Giovanni Costantino

Personal information
- Date of birth: 3 October 1984 (age 41)
- Place of birth: Messina, Italy

Team information
- Current team: Bishkek City (head coach)

Managerial career
- Years: Team
- 2013–2016: Futura (youth)
- 2016–2017: Budapest Honvéd (assistant)
- 2017–2018: DAC Dunajská Streda (assistant)
- 2018–2021: Hungary (assistant)
- 2021: MTK Budapest
- 2022–2023: Casarano
- 2023: Ayia Napa
- 2023–2024: FC U Craiova
- 2024–2025: Petrocub Hîncești
- 2025–: Bishkek City

= Giovanni Costantino =

Italian football manager (born 1984)

Giovanni Costantino (born 3 October 1984) is an Italian football manager who is currently in charge of Kyrgyz Premier League club Bishkek City.

==Life and career==

Costantino was born on 3 October 1984 in Messina, Italy. He started his managerial career at the age of twenty-six. He obtained a UEFA Pro License at the age of 35.

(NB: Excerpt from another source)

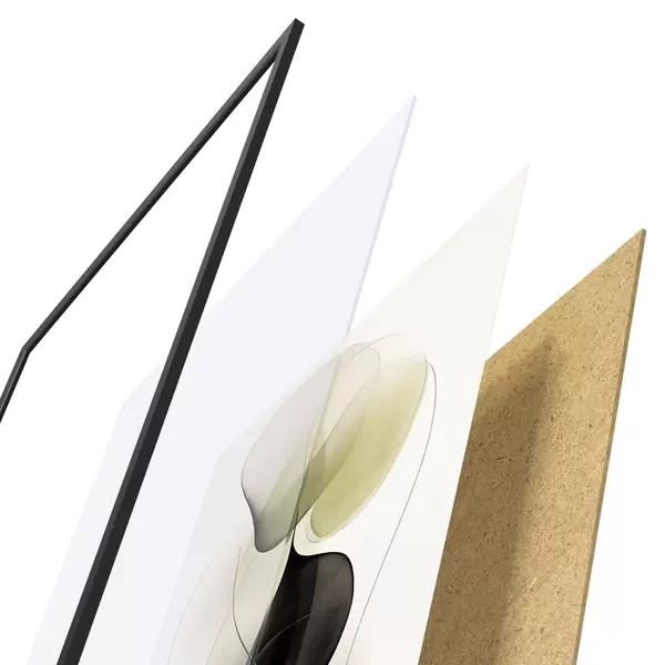 Le poster se compose d'un cadre, d'un plexiglas, d'une image imprimée et d'un support en aggloméré. Le poster peut être immédiatement accroché au mur grâce aux fixations au dos.

In 2013, Costantino was appointed as a youth manager of Finnish club FC Futura. He managed the club's teams from under-12 to under-17 level. In 2016, he was appointed in the staff of the first team of Hungarian club Honvéd. He helped the club win the league. In 2017, he was appointed as assistant manager of Slovak club DAC. He helped the club achieve third place in the league.

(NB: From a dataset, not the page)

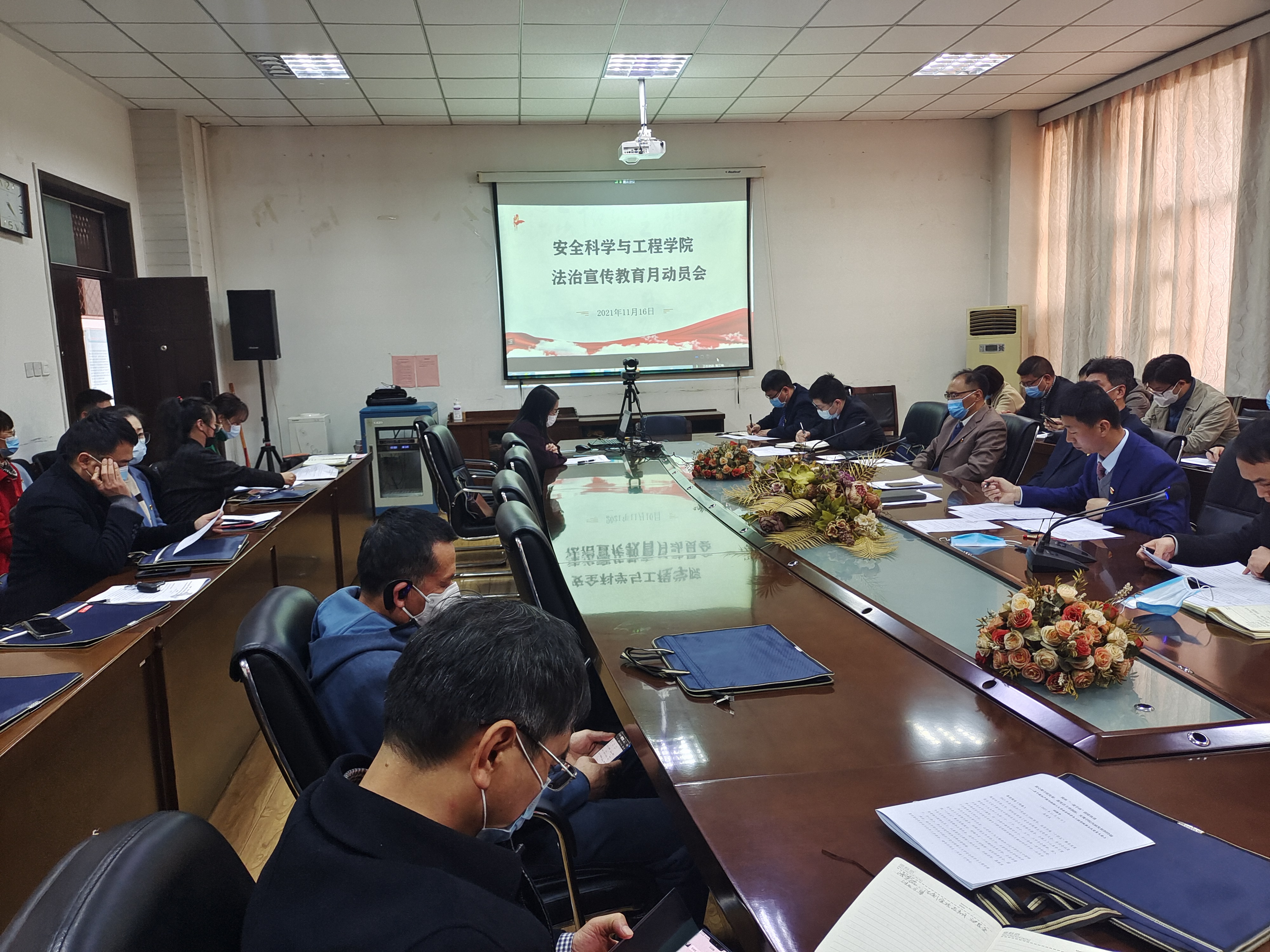 为深入贯彻落实国家 “八五”普法工作规划和中央全面依法治国工作会议精神,进一步弘扬法治精神、培育法治信仰,提高师生的法治意识和法治素养,11月17日下午,安全学院召开“法治宣传教育月”活动动员部署会,会议由安全学院党委副书记李怀珍主持。

In 2018, he was appointed as an assistant manager of the Hungary national football team. He helped the team achieve qualification for UEFA Euro 2020 and double promotion from Nations League C to Nations League A.
In 2021, he was appointed manager of Hungarian club MTK. In 2022, he was appointed manager of Italian club Casarano. In 2023, he was appointed manager of Cypriot club Ayia Napa.
After some matches he left the club due the appointment as manager of Romanian club FCU Craiova.